**THE PROBLEM**
Scan the records below for the line containing "が #大藤学園もみじ台幼稚園 を訪問し、バスケットゴールとボールを贈呈しました🏀✨" and the line containing "他の画像を見る マヤリカ RSBSJ173". Copy both, plus every line between, exactly.

**INPUT RECORDS**

*** Block opens ***

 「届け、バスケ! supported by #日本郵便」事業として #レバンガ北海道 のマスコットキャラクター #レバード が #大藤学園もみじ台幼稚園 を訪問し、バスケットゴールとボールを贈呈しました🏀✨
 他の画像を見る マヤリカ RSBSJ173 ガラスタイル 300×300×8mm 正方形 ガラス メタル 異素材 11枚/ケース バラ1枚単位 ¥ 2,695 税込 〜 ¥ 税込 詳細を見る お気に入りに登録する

*** Block closes ***
*** Block opens ***

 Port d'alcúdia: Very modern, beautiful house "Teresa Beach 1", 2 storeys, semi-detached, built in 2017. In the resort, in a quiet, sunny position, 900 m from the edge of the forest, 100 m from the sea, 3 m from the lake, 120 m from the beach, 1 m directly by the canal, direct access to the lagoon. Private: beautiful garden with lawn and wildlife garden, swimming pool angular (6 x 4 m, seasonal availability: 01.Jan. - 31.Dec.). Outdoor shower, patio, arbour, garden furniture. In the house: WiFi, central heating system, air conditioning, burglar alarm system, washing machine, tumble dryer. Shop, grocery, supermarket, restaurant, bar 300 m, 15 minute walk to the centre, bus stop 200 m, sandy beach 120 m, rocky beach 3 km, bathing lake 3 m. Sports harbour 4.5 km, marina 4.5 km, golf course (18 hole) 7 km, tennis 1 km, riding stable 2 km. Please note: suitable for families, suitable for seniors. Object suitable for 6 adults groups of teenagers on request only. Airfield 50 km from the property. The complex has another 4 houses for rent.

*** Block closes ***

**EXERCISE SOLUTION**
 「届け、バスケ! supported by #日本郵便」事業として #レバンガ北海道 のマスコットキャラクター #レバード が #大藤学園もみじ台幼稚園 を訪問し、バスケットゴールとボールを贈呈しました🏀✨
 他の画像を見る マヤリカ RSBSJ173 ガラスタイル 300×300×8mm 正方形 ガラス メタル 異素材 11枚/ケース バラ1枚単位 ¥ 2,695 税込 〜 ¥ 税込 詳細を見る お気に入りに登録する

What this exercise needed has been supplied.